Data provided
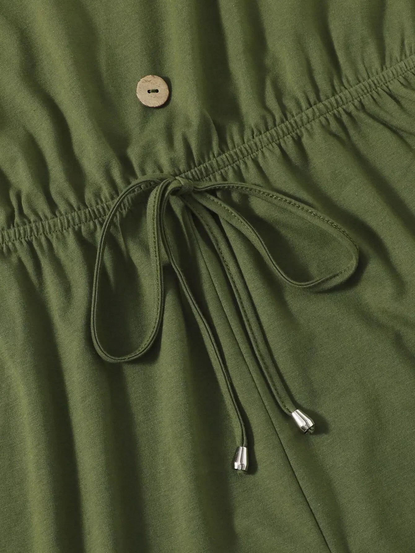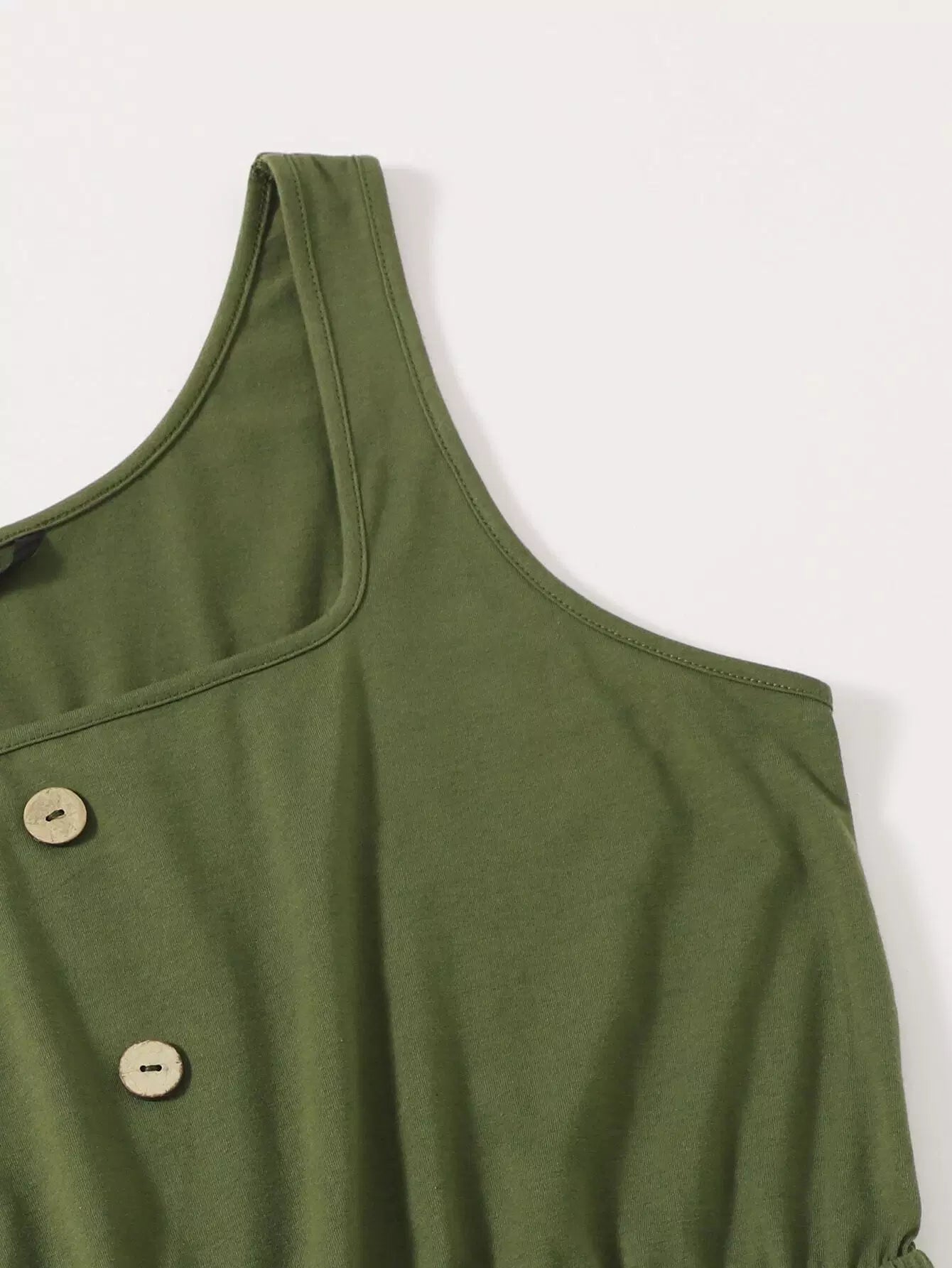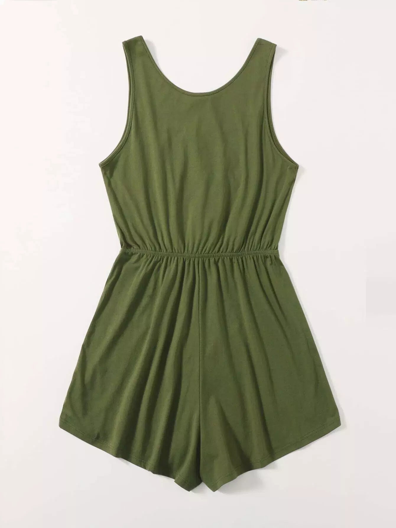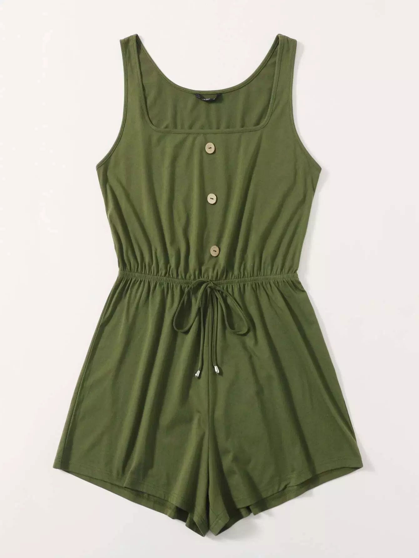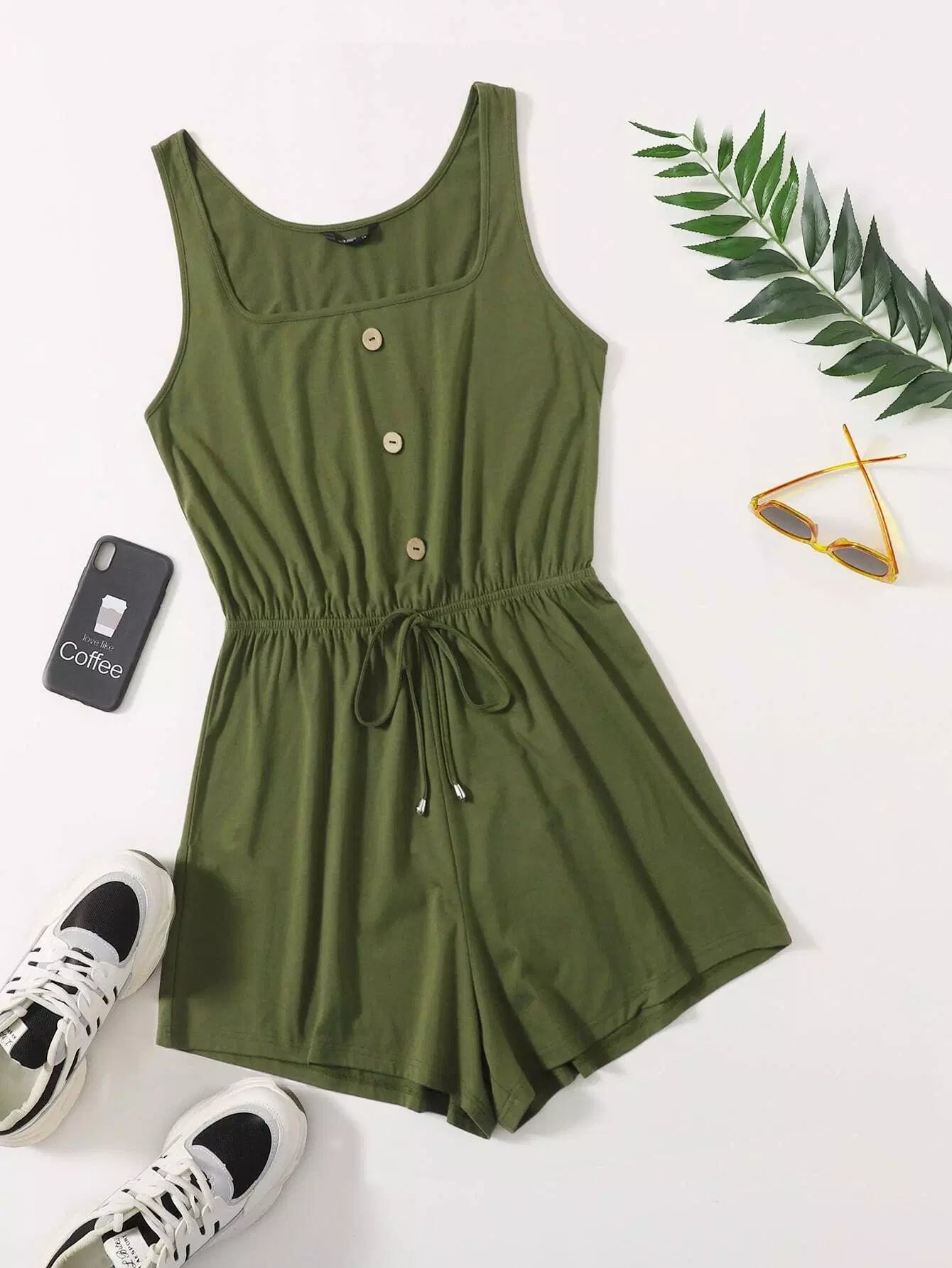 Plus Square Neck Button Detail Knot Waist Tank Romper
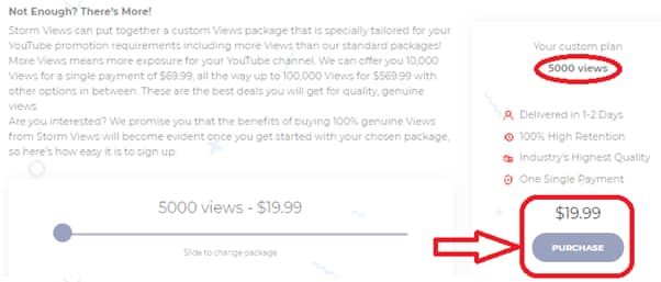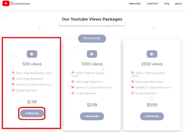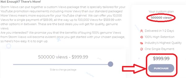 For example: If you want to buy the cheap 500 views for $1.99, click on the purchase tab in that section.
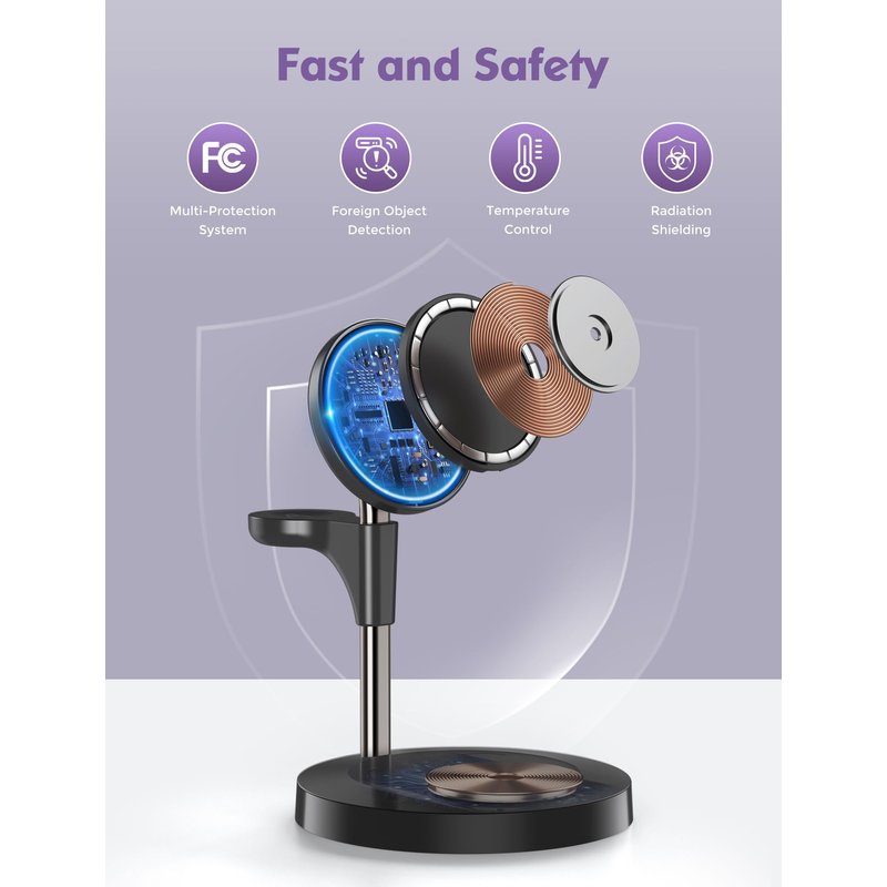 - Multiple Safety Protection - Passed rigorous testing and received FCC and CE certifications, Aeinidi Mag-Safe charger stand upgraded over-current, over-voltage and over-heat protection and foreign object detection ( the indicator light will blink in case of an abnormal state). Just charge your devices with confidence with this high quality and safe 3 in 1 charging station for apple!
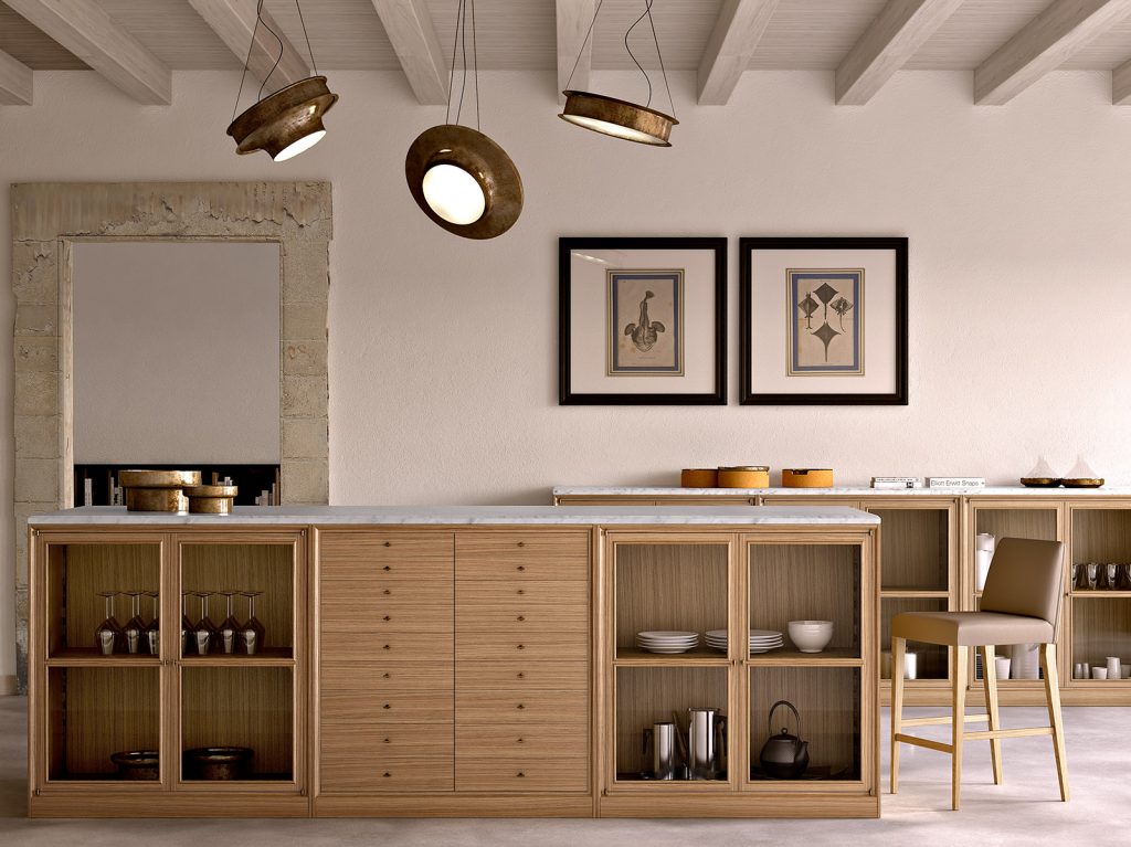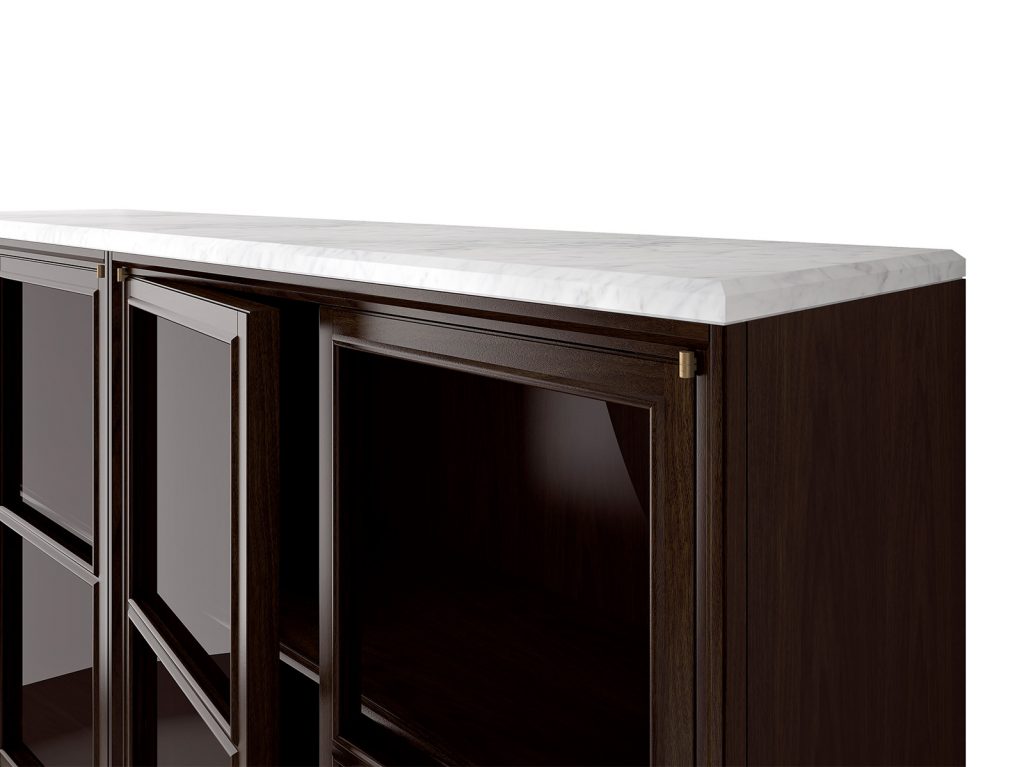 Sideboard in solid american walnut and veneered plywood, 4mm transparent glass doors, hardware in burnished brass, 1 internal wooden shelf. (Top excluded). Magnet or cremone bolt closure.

Work to complete
Restate all of the material above word for word, excluding the pictures.

Your response
 Plus Square Neck Button Detail Knot Waist Tank Romper
 For example: If you want to buy the cheap 500 views for $1.99, click on the purchase tab in that section.
 - Multiple Safety Protection - Passed rigorous testing and received FCC and CE certifications, Aeinidi Mag-Safe charger stand upgraded over-current, over-voltage and over-heat protection and foreign object detection ( the indicator light will blink in case of an abnormal state). Just charge your devices with confidence with this high quality and safe 3 in 1 charging station for apple!
 Sideboard in solid american walnut and veneered plywood, 4mm transparent glass doors, hardware in burnished brass, 1 internal wooden shelf. (Top excluded). Magnet or cremone bolt closure.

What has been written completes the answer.